*Exercise requirements:*
Beginning at the line that contains "活动伊始,范志毅副书记对北京", reproduce the entries below exactly, ending with the line that contains "Antibacterial activated carbon". Omit each picture.
****************
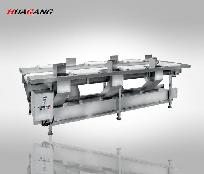 自動流水式工作臺兩邊設有工作崗位,崗位上設置砧板,廢料口,刀具存放槽。標準為三層式,原材料在中層運送,經由工人挑選除雜后的良品放到上層; 廢品,爛菜葉,毛發等雜物通過工作臺廢料口投放到下層輸送帶運至廢品收集車(收集車需要另外定做)。
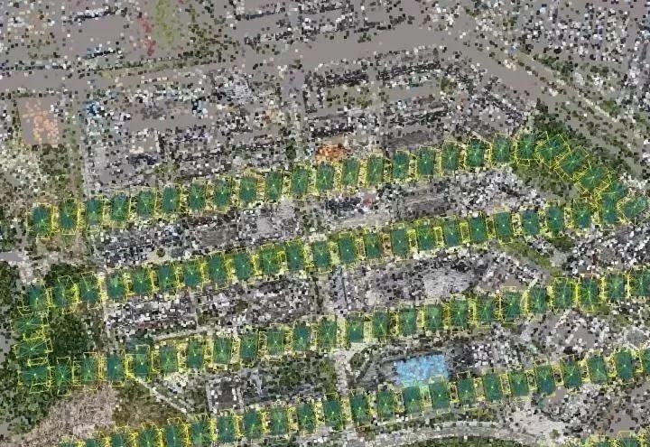 当多镜头倾斜摄影无人机飞行到适当高度以后,机载的倾斜摄影系统从多个视角向地面航摄,航拍路线采用重叠率60~80%(由地面高度决定)沿某一方向来回往返,呈带状按次序逐步覆盖全部场地,实现对地形逻辑有序的全覆盖航摄。
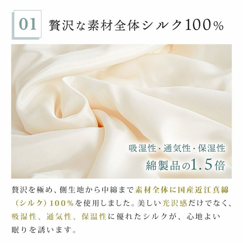 贅沢を極め、側生地から中綿まで素材全体に国産近江真綿(シルク)100%を使用しました。美しい光沢感だけでなく、吸湿性、通気性、保温性に優れたシルクが、心地よい眠りを誘います。
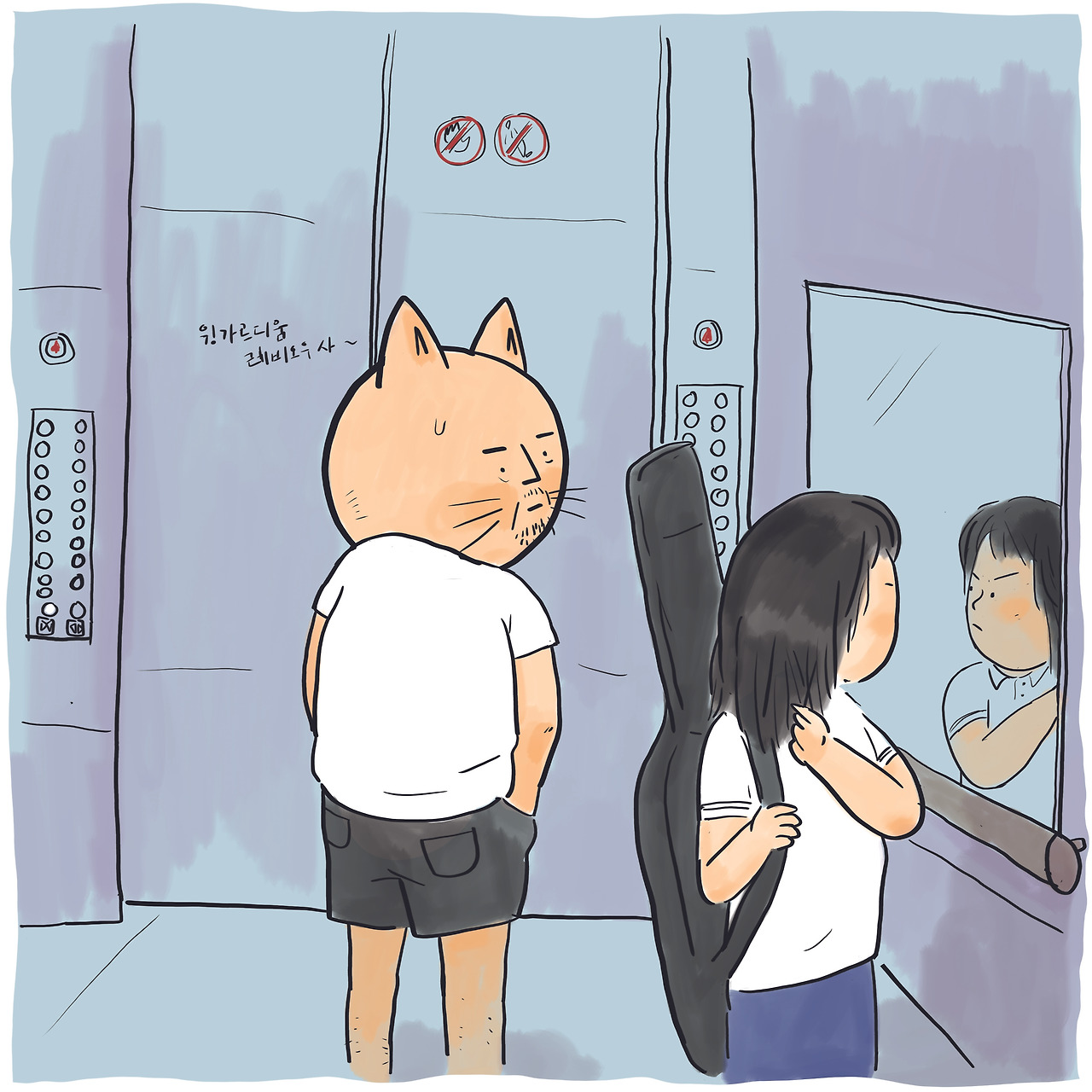 겨우겨우 재촉해 엘리베이터에 태웠더니,
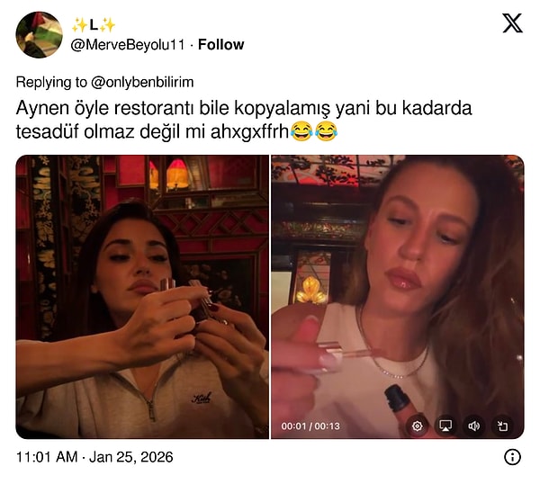 Dikkat çeken ilk detay ise Hande Erçel'in Paris'ten paylaştığı rujlu videonun hemen hemen aynısını aynı restorandan paylaşması oldu. Bu, 'kopya' iddialarının yeniden fitillenmesine sebep olan ilk hadiseydi.
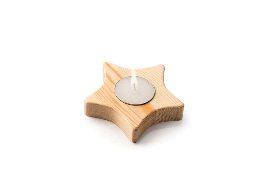 Свеча MAKA на деревянной подставке, звезда, натуральный
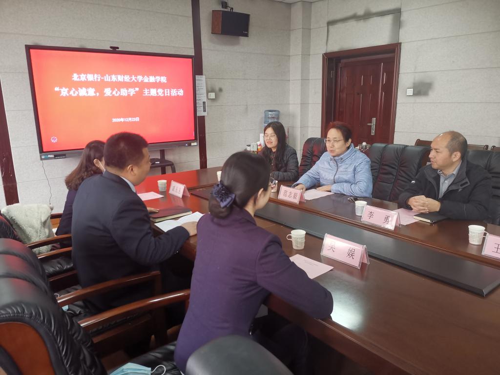 活动伊始,范志毅副书记对北京银行千佛山支行表示热烈欢迎,对北京银行连续三年对我院困难学生的资助表示感谢,捐赠义举展现了贵行对教育事业的爱心、关心和责任心,同时希望受助学生能够更加刻苦努力,学有所成,回报社会。盖亮表示,北京银行一直坚持传递正能量,努力践行社会责任,对困难学生的资助可以传递温暖,奉献爱心,激励他们更快成长和成才,同时更是对党的十九届五中全会报告精神的积极响应,在党的统一领导下,形成育人合力,共同为实现“十四五”规划和2035年远景目标贡献力量。随后,北京银行干佛山支行为我院受资助学生颁发了爱心助学金。受资助学生一致表示,在今后的校园生活中,将以更饱满的激情投入到学习和工作中,在困境中成长成才,用优异的学习和实践成绩来回报社会。活动结束后,双方就后期开展党建共建、校企合作等继续进行了进一步交流。
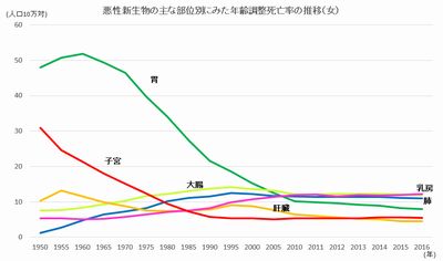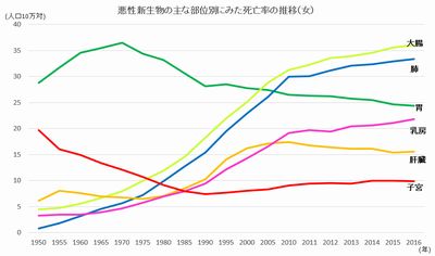 悪性新生物の主な部位別にみた死亡率の推移(平成28年人口動態統計確定数)
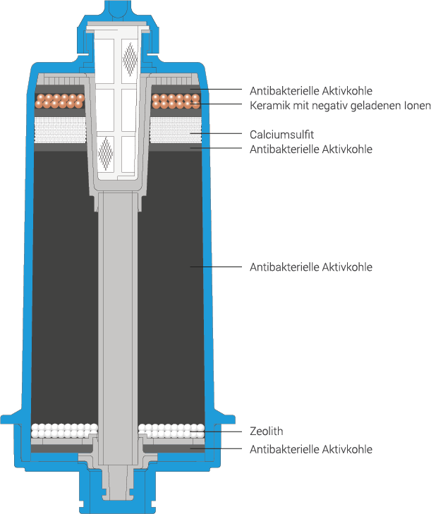 Antibacterial activated carbon Removes residual chlorine and trihalomethanes. Inhibits bacterial growth within the filter to maintain purity |
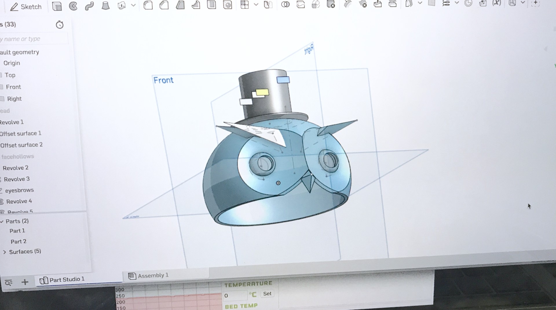 I used Onshape, a browser-based CAD modeling tool, to design Archimedes’ 3D-printed body parts. He comes in five pieces: the head, top hat, left and right wings, and front feather accent.
****************
*Answer area:*
 活动伊始,范志毅副书记对北京银行千佛山支行表示热烈欢迎,对北京银行连续三年对我院困难学生的资助表示感谢,捐赠义举展现了贵行对教育事业的爱心、关心和责任心,同时希望受助学生能够更加刻苦努力,学有所成,回报社会。盖亮表示,北京银行一直坚持传递正能量,努力践行社会责任,对困难学生的资助可以传递温暖,奉献爱心,激励他们更快成长和成才,同时更是对党的十九届五中全会报告精神的积极响应,在党的统一领导下,形成育人合力,共同为实现“十四五”规划和2035年远景目标贡献力量。随后,北京银行干佛山支行为我院受资助学生颁发了爱心助学金。受资助学生一致表示,在今后的校园生活中,将以更饱满的激情投入到学习和工作中,在困境中成长成才,用优异的学习和实践成绩来回报社会。活动结束后,双方就后期开展党建共建、校企合作等继续进行了进一步交流。
 悪性新生物の主な部位別にみた死亡率の推移(平成28年人口動態統計確定数)
 Antibacterial activated carbon Removes residual chlorine and trihalomethanes. Inhibits bacterial growth within the filter to maintain purity |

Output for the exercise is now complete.